The restriction site is interesting because to my knowledge, mammals don't produce the protein that would normally digest it (which implies that it's probably rare among infectious eukaryotic viruses), but again, I could be wrong there and am happy to be corrected. Typically, a restriction enzyme will, under the right conditions, cut the DNA (or RNA) at the restriction site. One of the interesting things here is that if I was introducing a restriction site to track GoF research, adding it directly in the thing I added greatly simplifies my life. If that restriction site goes away, I know I lost my insert. It's also nicer to use a restriction site because I can do the digest in 30 minutes on a benchtop, run an agarose gel in an hour, and know if I still have it after passaging the virus, vs say, sequencing, which is usually more expensive and takes longer. Especially if it's BSL2+ because now I need to put it over a BSL2+ sequencer.
It's a hypothesis. We'll never know. There's no conclusive evidence either way, and it's absolutely something we should all be talking about, and the scientists among us should be trying to properly falsify it to the best of our ability.
https://twitter.com/Rossana38510044/status/13806444823669841...
> the scientists among us should be trying to properly falsify it to the best of our ability.

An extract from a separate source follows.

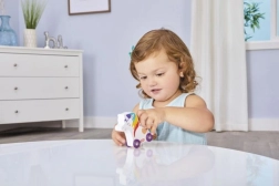 Het speelgoed heeft felle kleuren en een speelse visuele stijl die kinderen aanspreekt en hun verbeelding prikkelt.

This is precisely why I am bothered this has been placed into "conspiracy theory" land, due to a lot of political reasons and a whole lot of online pressure with those "hand-wavy" arguments. The same type of arguments you originally did not accept. I get them constantly when I post facts, and the are meant specifically to try to steer the discussion away from anything I was pointing out, to get that last word in.
Did SARS-CoV-2, with its affinity for human ACE2, leak from a lab in Wuhan that was doing known gain of function experiments dealing with CoV and human ACE2?
Or did it somehow show up in a market right next to the lab, with "hand-wavy" explanations as to how that happened?
The science seems to strongly point to one of those. Since access to the lab has been completely shut down, and historical information on the web has been systematically being removed, finding a smoking gun is difficult. But I feel an extremely strong case can be made with circumstantial evidence.